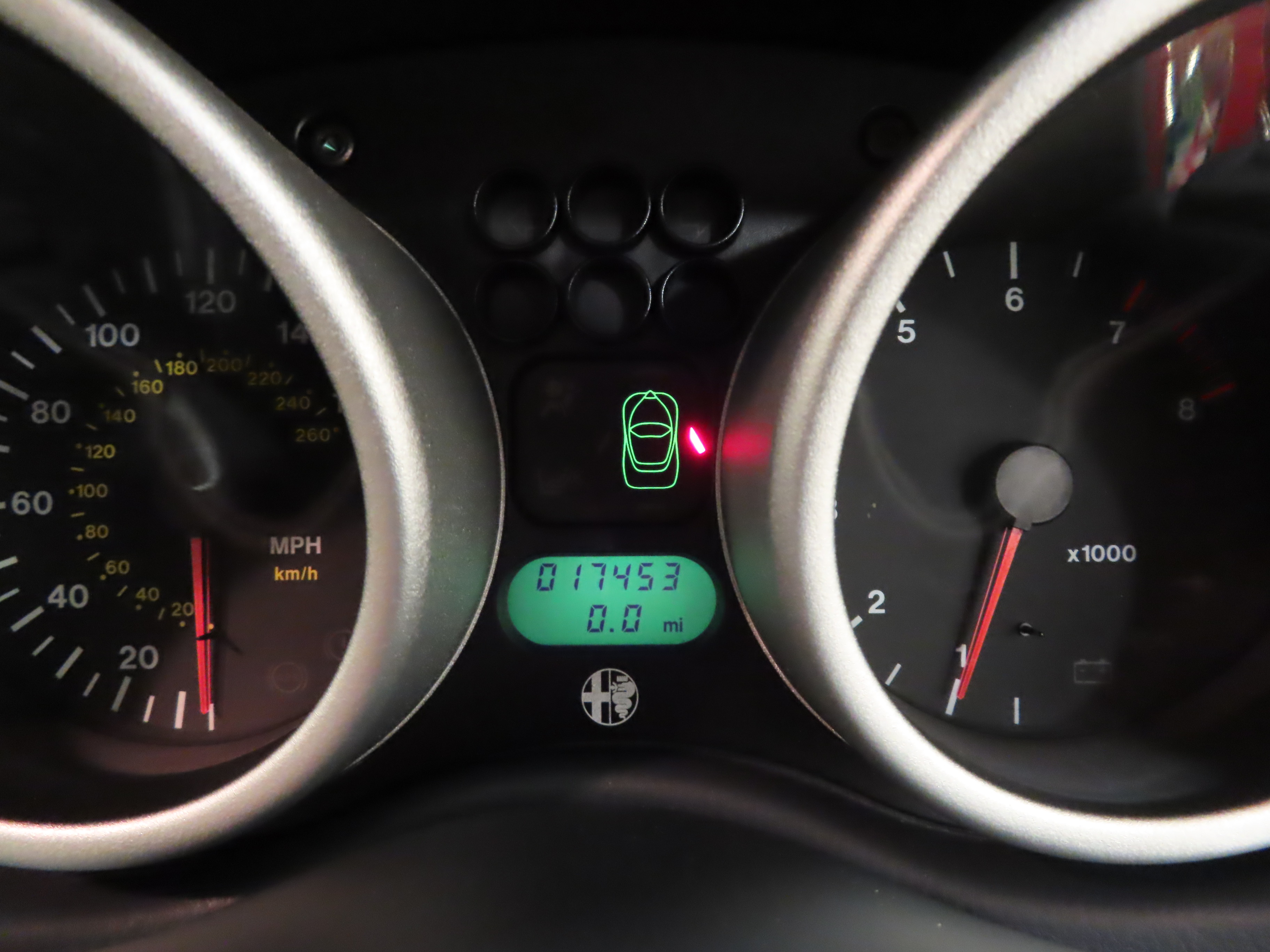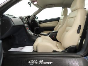 The fashion designer of interiors, this example has benefitted from the expensive Blue Style factory optional upgrade incorporating Momo trimmed white leather upholstery against blue fascia, trim and carpeting, (Code 728). The stunning sculptured Momo seats and door trim are swathed in near spotless white leather with a distinct lack of wear as you would expect from a car covering just 17,453 miles from new. Unashamed flamboyance throughout includes the bold Alfa Romeo lettering on the door sills and stylish driver inclined fascia with three pod central gauges showing time, fuel level and engine temperature. All controls and functions operate perfectly including the original stereo with CD changer and the ice-cold climate control. The carpets, floor mats and headlining are immaculate. An exceptional interior, preserved and unspoilt.
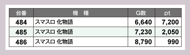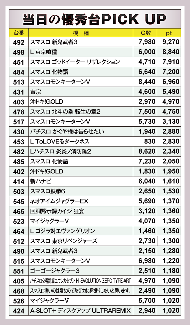 『スマスロ 新鬼武者3』492番台が+9,270ptでデータ最上部に輝き、『L 東京喰種』498番台が+8,840ptでそれにつづいていた。さらに『スマスロ ゴッドイーター リザレクション』451番台が+7,910pt、『スマスロ 化物語』484番台が+7,200ptで並ぶ。以下『スマスロモンキーターンV』513番台の+6,960ptなどなど、ファン垂涎のptがズラリと連なる豪華なデータとなっていた。
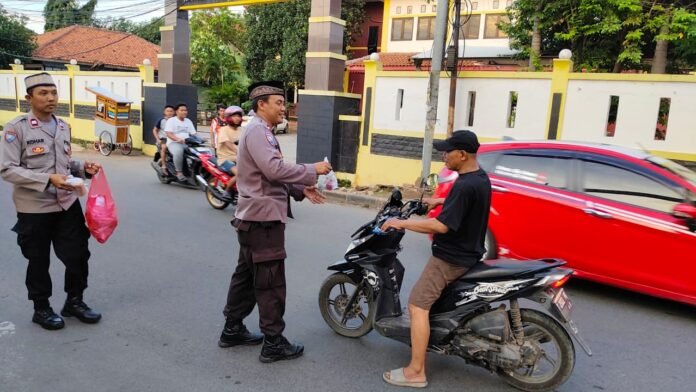 Cikarang Barat, | BEKASIHARIINI.CLICK | – Dalam suasana Ramadhan 1446 H, Polsek Cikarang Barat terus rutin melaksanakan Giat pembagian takjil kepada pengguna jalan dan masyarakat menjelang berbuka puasa di Jl. Raya Taman Aster Kel. Telagaasih Kec. Cikarang Barat , Minggu (23/03/25).
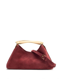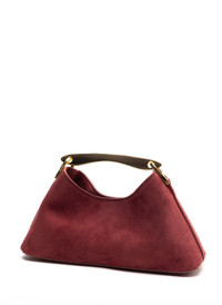 Contemplating the latest trends, the mini version of the bestselling Boomerang family is showcasing a metal handle and with an elegant east-west shape, spacious enough to fit everything for a night out Details Width: 28cm // 11" Height: 14cm // 6" Depth: 10cm // 4" 46cm to 53cm // 18" to 20" Exterior: 100% Suede leather Lining: Microfiber suede Removable and adjustable shoulder strap Magnetic closure 18k gold plated hardware Protective studs on the bottom Made in Italy
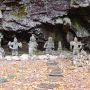 奥の崖は「仏岩」と呼ばれており、昔は仏の姿をした岩があったらしいのですが崩れてしまい、今は崖の下の岩窟に梵天、帝釈天、四天王のうち三体、不動明王の計六体の石像が並んでいます。四天王のうちもう一体があるはずの場所は空席となっています。
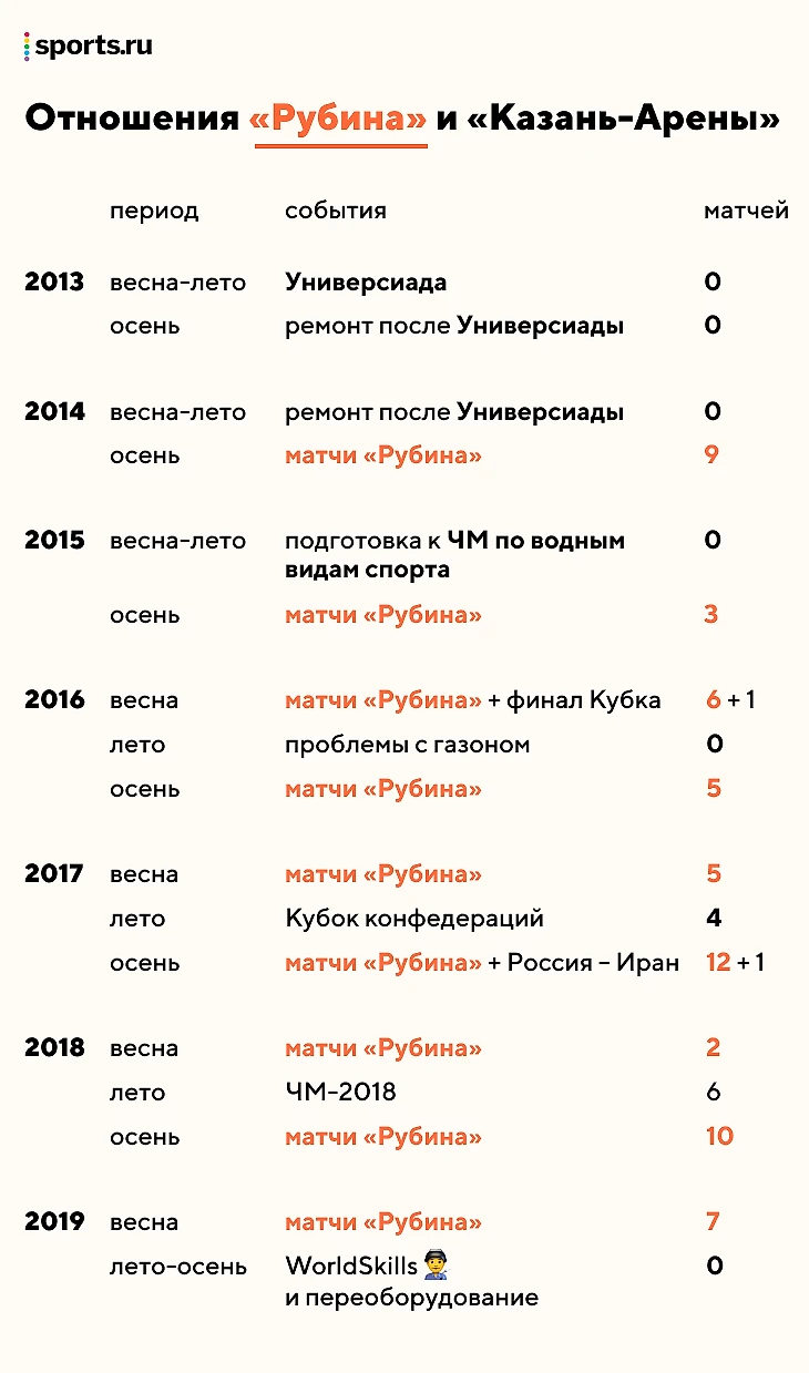 • Дальше казанцы спокойно базировались на новом стадионе, наступила эпоха относительной стабильности. Сезон-2016/17 доиграли на «Казань Арене», первая половина РПЛ-2017/18 тоже прошла там. Только весной 2018-го «Рубин» провел на «Казань Арене» два матча – чтобы не уничтожить газон перед чемпионатом мира. После ЧМ все тоже было нормально.
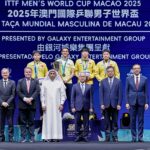 行政长官岑浩辉出席2025年澳门国际乒联男子及女子世界杯颁奖仪式。
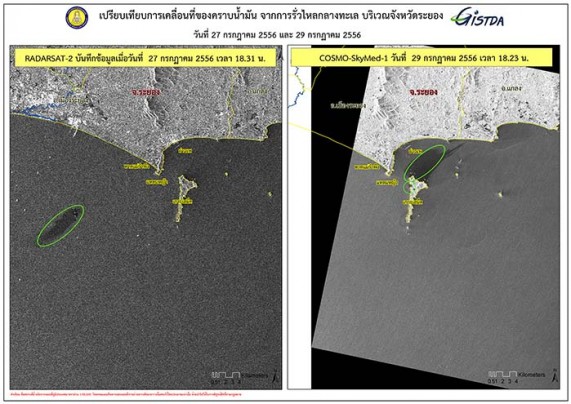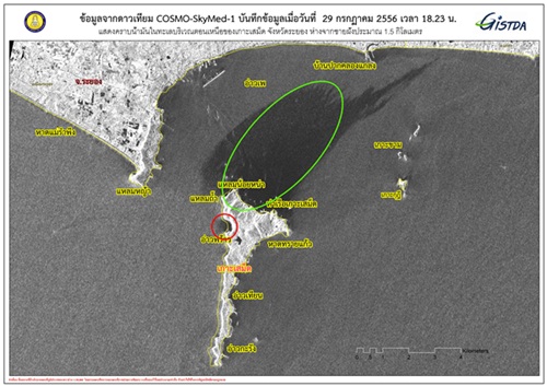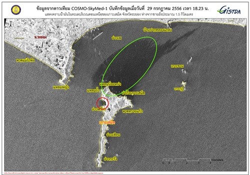 จากเหตุการณ์น้ำมันดิบรั่วประมาณ 50,000 ลิตร ในทะเล ห่างจากท่าเรือน้ำลึกมาบตาพุดไปทางทิศตะวันออกเฉียงใต้ประมาณ 20 กิโลเมตร เมื่อวันที่ 27 กรกฎาคม 2556 สำนักงานพัฒนาเทคโนโลยีอวกาศและภูมิสารสนเทศ (องค์การมหาชน) หรือ GISTDA กระทรวงวิทยาศาสตร์และเทคโนโลยี ได้ถ่ายภาพการเคลื่อนที่ของน้ำมัน ด้วยดาวเทียม COSMO-SkyMed-1 เมื่อเวลา 18.23 น. ของวันที่ 29 กรกฎาคม 2556 เพื่อติดตามสถานการณ์ดังกล่าว
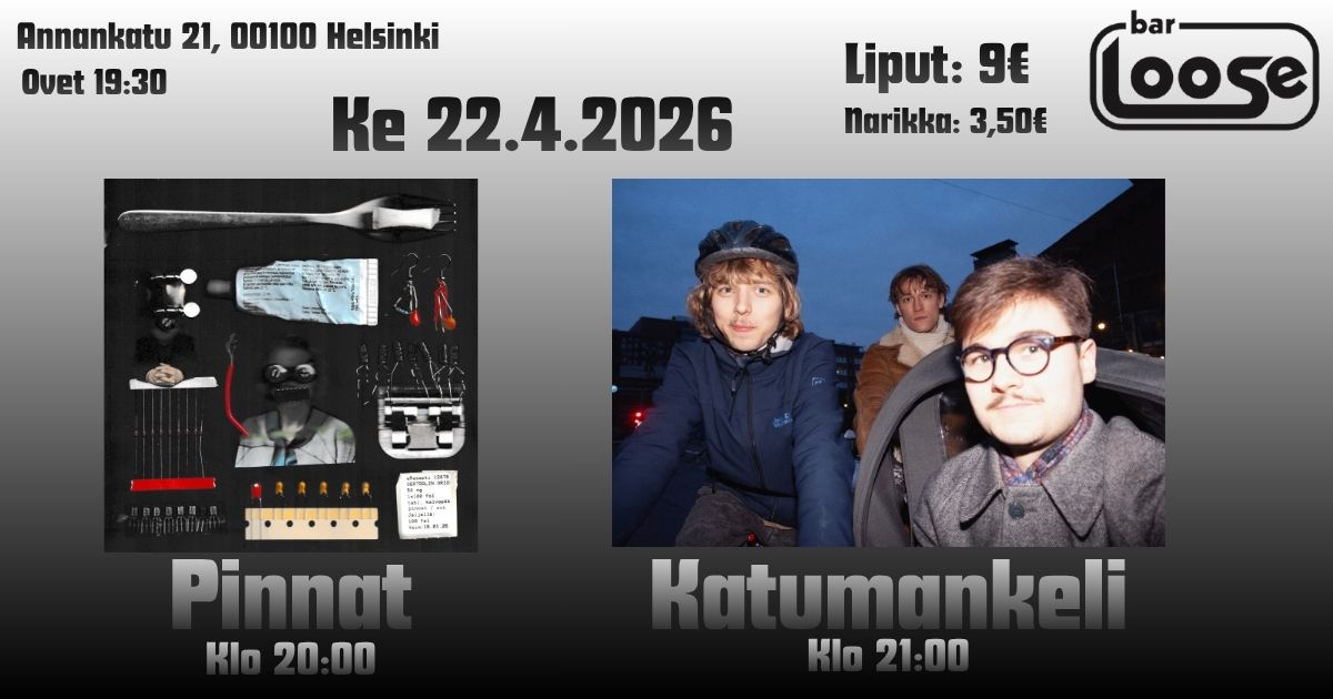 Illan aloittaa mahtava Pinnat, suoraan Helsingistä! Pinnat on julkaissut kaksi studio albumia. Nämä upeat albumit voivat löytää bandcampistä ( https://pinnat.bandcamp.com/ ). Pinnat saavat varmasti tunnelman kattoon heti kättelyssä. Kauan eläköön Pinnat! Illan […]
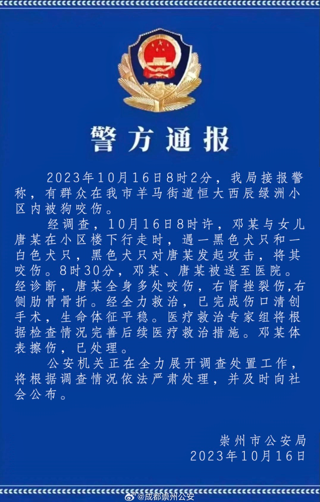 事發(fā)當(dāng)日17時(shí)許,崇州公安發(fā)布首份通報(bào),稱被咬女童生命體征平穩(wěn),正全力展開調(diào)查處置工作。輿論場(chǎng)中不少網(wǎng)民探究事發(fā)原因,認(rèn)為養(yǎng)犬規(guī)定落實(shí)不到位,導(dǎo)致遛狗不牽繩、飼養(yǎng)烈性犬等亂象出現(xiàn)。10月17日,據(jù)受傷女童母親透露,涉事黑犬已被找到,警方還在排查狗主人。另有媒體報(bào)道稱,成都禁養(yǎng)22種烈性犬不包括羅威納,部分網(wǎng)民對(duì)警方工作效率表達(dá)不滿情緒。
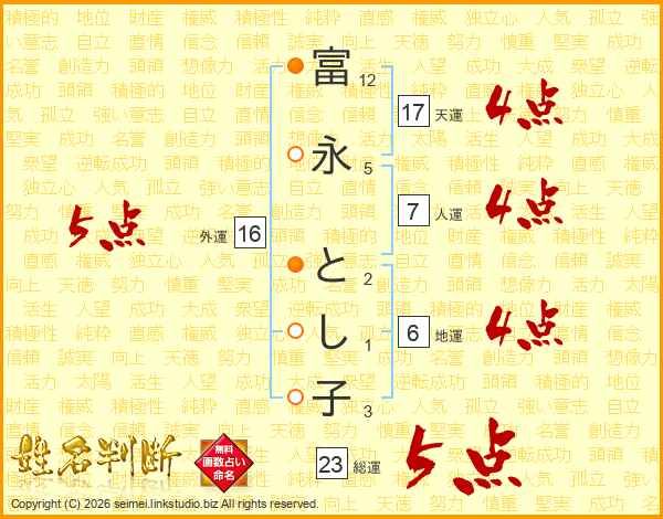 富永とし子さんの天運は17画の4点!
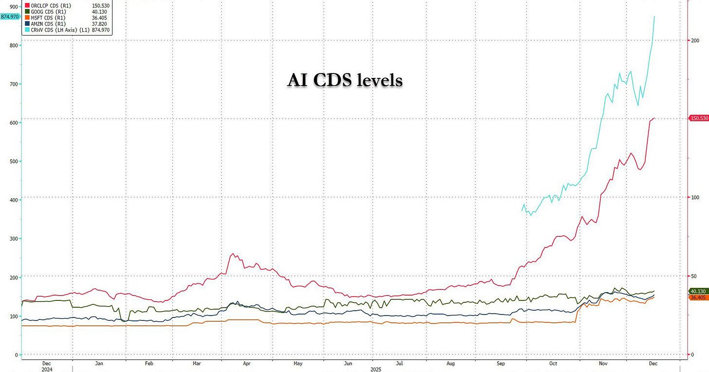 Oracle es un desastre: ha vuelto a sus niveles más bajos desde mediados de junio (por debajo de su media móvil de 200 días), mientras sus diferenciales de crédito se disparan a niveles propios de la crisis financiera global. Las opiniones negativas sobre Oracle se han convertido prácticamente en sinónimo del sentimiento hacia el Nasdaq en su conjunto. Quizá esto esté empezando a convertirse en un evento sistémico.
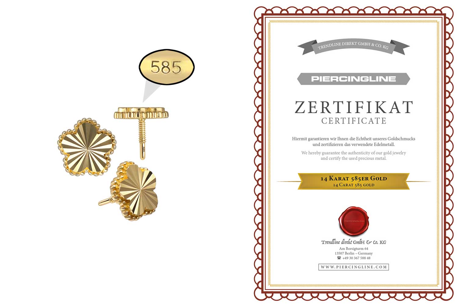 Material: 14 carat (585) yellow gold / rose gold / white gold (rhodium-plated)
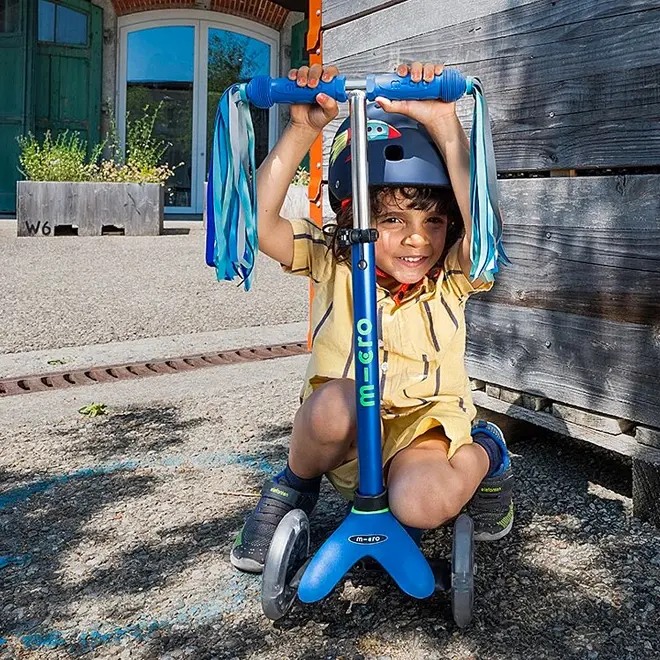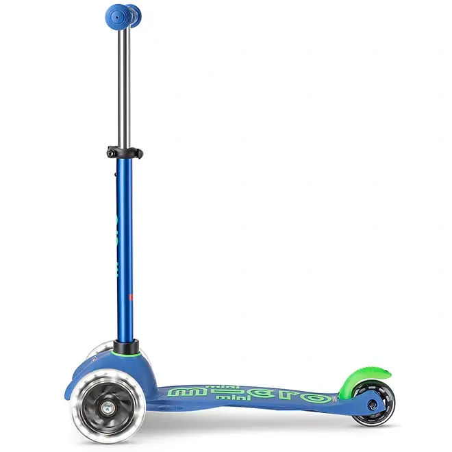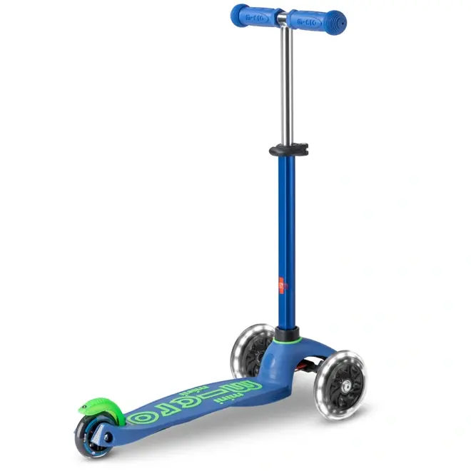 De Mini Micro Deluxe step met LED wielen is een echte top step voor kinderen van 2 tot 6 jaar. Deze blauwe en groene kinderstep combineert veiligheid, plezier en groei in één compact pakket.
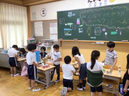 10月3日 2年 1年生とおもちゃで遊んだよ 公開日 2024/10/03 更新日 2024/10/03 各学年から 授業参観のときに保護者の方と遊んだおもちゃを使って、今度は1年生と一緒に遊びました。遊び方を教えてあげたり、やって見せたりを上手にすることができました。自慢のおもちゃを喜んで使ってくれると、作った甲斐がありますね。

*Task statement*
Your answer must be an exact copy of the records above, with no pictures included.

*Written answer*
 The fashion designer of interiors, this example has benefitted from the expensive Blue Style factory optional upgrade incorporating Momo trimmed white leather upholstery against blue fascia, trim and carpeting, (Code 728). The stunning sculptured Momo seats and door trim are swathed in near spotless white leather with a distinct lack of wear as you would expect from a car covering just 17,453 miles from new. Unashamed flamboyance throughout includes the bold Alfa Romeo lettering on the door sills and stylish driver inclined fascia with three pod central gauges showing time, fuel level and engine temperature. All controls and functions operate perfectly including the original stereo with CD changer and the ice-cold climate control. The carpets, floor mats and headlining are immaculate. An exceptional interior, preserved and unspoilt.
 『スマスロ 新鬼武者3』492番台が+9,270ptでデータ最上部に輝き、『L 東京喰種』498番台が+8,840ptでそれにつづいていた。さらに『スマスロ ゴッドイーター リザレクション』451番台が+7,910pt、『スマスロ 化物語』484番台が+7,200ptで並ぶ。以下『スマスロモンキーターンV』513番台の+6,960ptなどなど、ファン垂涎のptがズラリと連なる豪華なデータとなっていた。
 Cikarang Barat, | BEKASIHARIINI.CLICK | – Dalam suasana Ramadhan 1446 H, Polsek Cikarang Barat terus rutin melaksanakan Giat pembagian takjil kepada pengguna jalan dan masyarakat menjelang berbuka puasa di Jl. Raya Taman Aster Kel. Telagaasih Kec. Cikarang Barat , Minggu (23/03/25).
 Contemplating the latest trends, the mini version of the bestselling Boomerang family is showcasing a metal handle and with an elegant east-west shape, spacious enough to fit everything for a night out Details Width: 28cm // 11" Height: 14cm // 6" Depth: 10cm // 4" 46cm to 53cm // 18" to 20" Exterior: 100% Suede leather Lining: Microfiber suede Removable and adjustable shoulder strap Magnetic closure 18k gold plated hardware Protective studs on the bottom Made in Italy
 奥の崖は「仏岩」と呼ばれており、昔は仏の姿をした岩があったらしいのですが崩れてしまい、今は崖の下の岩窟に梵天、帝釈天、四天王のうち三体、不動明王の計六体の石像が並んでいます。四天王のうちもう一体があるはずの場所は空席となっています。
 • Дальше казанцы спокойно базировались на новом стадионе, наступила эпоха относительной стабильности. Сезон-2016/17 доиграли на «Казань Арене», первая половина РПЛ-2017/18 тоже прошла там. Только весной 2018-го «Рубин» провел на «Казань Арене» два матча – чтобы не уничтожить газон перед чемпионатом мира. После ЧМ все тоже было нормально.
 行政长官岑浩辉出席2025年澳门国际乒联男子及女子世界杯颁奖仪式。
 จากเหตุการณ์น้ำมันดิบรั่วประมาณ 50,000 ลิตร ในทะเล ห่างจากท่าเรือน้ำลึกมาบตาพุดไปทางทิศตะวันออกเฉียงใต้ประมาณ 20 กิโลเมตร เมื่อวันที่ 27 กรกฎาคม 2556 สำนักงานพัฒนาเทคโนโลยีอวกาศและภูมิสารสนเทศ (องค์การมหาชน) หรือ GISTDA กระทรวงวิทยาศาสตร์และเทคโนโลยี ได้ถ่ายภาพการเคลื่อนที่ของน้ำมัน ด้วยดาวเทียม COSMO-SkyMed-1 เมื่อเวลา 18.23 น. ของวันที่ 29 กรกฎาคม 2556 เพื่อติดตามสถานการณ์ดังกล่าว
 Illan aloittaa mahtava Pinnat, suoraan Helsingistä! Pinnat on julkaissut kaksi studio albumia. Nämä upeat albumit voivat löytää bandcampistä ( https://pinnat.bandcamp.com/ ). Pinnat saavat varmasti tunnelman kattoon heti kättelyssä. Kauan eläköön Pinnat! Illan […]
 事發(fā)當(dāng)日17時(shí)許,崇州公安發(fā)布首份通報(bào),稱被咬女童生命體征平穩(wěn),正全力展開調(diào)查處置工作。輿論場(chǎng)中不少網(wǎng)民探究事發(fā)原因,認(rèn)為養(yǎng)犬規(guī)定落實(shí)不到位,導(dǎo)致遛狗不牽繩、飼養(yǎng)烈性犬等亂象出現(xiàn)。10月17日,據(jù)受傷女童母親透露,涉事黑犬已被找到,警方還在排查狗主人。另有媒體報(bào)道稱,成都禁養(yǎng)22種烈性犬不包括羅威納,部分網(wǎng)民對(duì)警方工作效率表達(dá)不滿情緒。
 富永とし子さんの天運は17画の4点!
 Oracle es un desastre: ha vuelto a sus niveles más bajos desde mediados de junio (por debajo de su media móvil de 200 días), mientras sus diferenciales de crédito se disparan a niveles propios de la crisis financiera global. Las opiniones negativas sobre Oracle se han convertido prácticamente en sinónimo del sentimiento hacia el Nasdaq en su conjunto. Quizá esto esté empezando a convertirse en un evento sistémico.
 Material: 14 carat (585) yellow gold / rose gold / white gold (rhodium-plated)
 De Mini Micro Deluxe step met LED wielen is een echte top step voor kinderen van 2 tot 6 jaar. Deze blauwe en groene kinderstep combineert veiligheid, plezier en groei in één compact pakket.
 10月3日 2年 1年生とおもちゃで遊んだよ 公開日 2024/10/03 更新日 2024/10/03 各学年から 授業参観のときに保護者の方と遊んだおもちゃを使って、今度は1年生と一緒に遊びました。遊び方を教えてあげたり、やって見せたりを上手にすることができました。自慢のおもちゃを喜んで使ってくれると、作った甲斐がありますね。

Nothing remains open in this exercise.